Wyjątkowo dobra wiadomość dla Polaków tuż po wyborach prezydenckich. Przed polskim Orlenem rysuje się scenariusz awansu do poziomu globalnego gracza. Komisja Europejska zatwierdziła przejęcie Grupy Lotos przez PKN Orlen. Zatwierdzenie jest uzależnione od pełnego wywiązania się z zobowiązań przedstawionych przez Orlen, jak m.in. sprzedaż 30 proc. udziałów rafinerii Lotos i 80 proc. stacji tej sieci.

KE zgłosiła zastrzeżenia co do przejęcia Grupy Lotos przez Orlen ponad trzy miesiące temu. Powodem były obawy związane z zagrożeniem konkurencyjności na rynkach hurtowej i detalicznej sprzedaży paliwa w Polsce.

Wobec tych zastrzeżeń Orlen przedstawił zobowiązania mające problem rozwiązać. Komisja Europejska zgodziła się na fuzję pod warunkiem zbycia 30 proc. udziałów w rafinerii Lotos wraz z towarzyszącym dużym pakietem praw zarządczych. Nowy właściciel ma w ten sposób zdobyć prawo do blisko połowy produkcji rafinerii ropy naftowej i benzyny oraz zapewnić sobie dostęp do infrastruktury magazynowania i infrastruktury logistycznej. Oznacza to powstanie nowego dużego gracza na polskim rynku.

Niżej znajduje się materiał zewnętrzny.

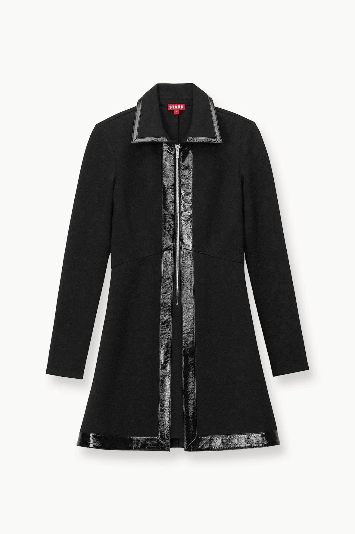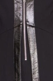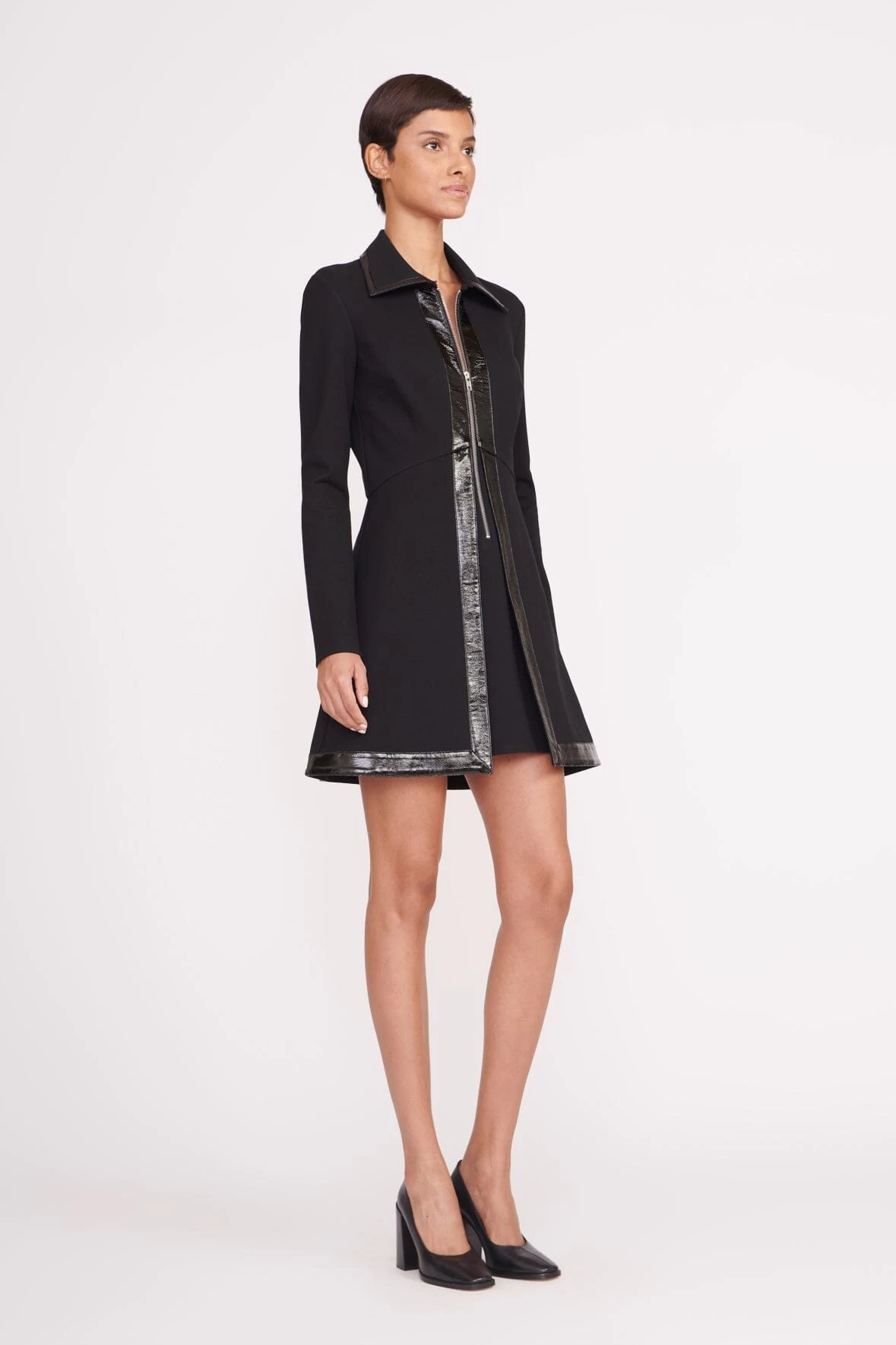 A long-sleeved mini dress crafted in our comfortable ponte fabric with a patent leather trim and a front zip detail.

Orlen zobowiązał się ponadto do sprzedaży 389 stacji detalicznych w Polsce, czyli około 80 proc. sieci Lotos. Spółka ma też uwolnić większość mocy zarezerwowanych przez Lotos w niezależnych magazynach, w tym pojemności zarezerwowanej na największym w Polsce terminalu przywozu paliwa drogą morską.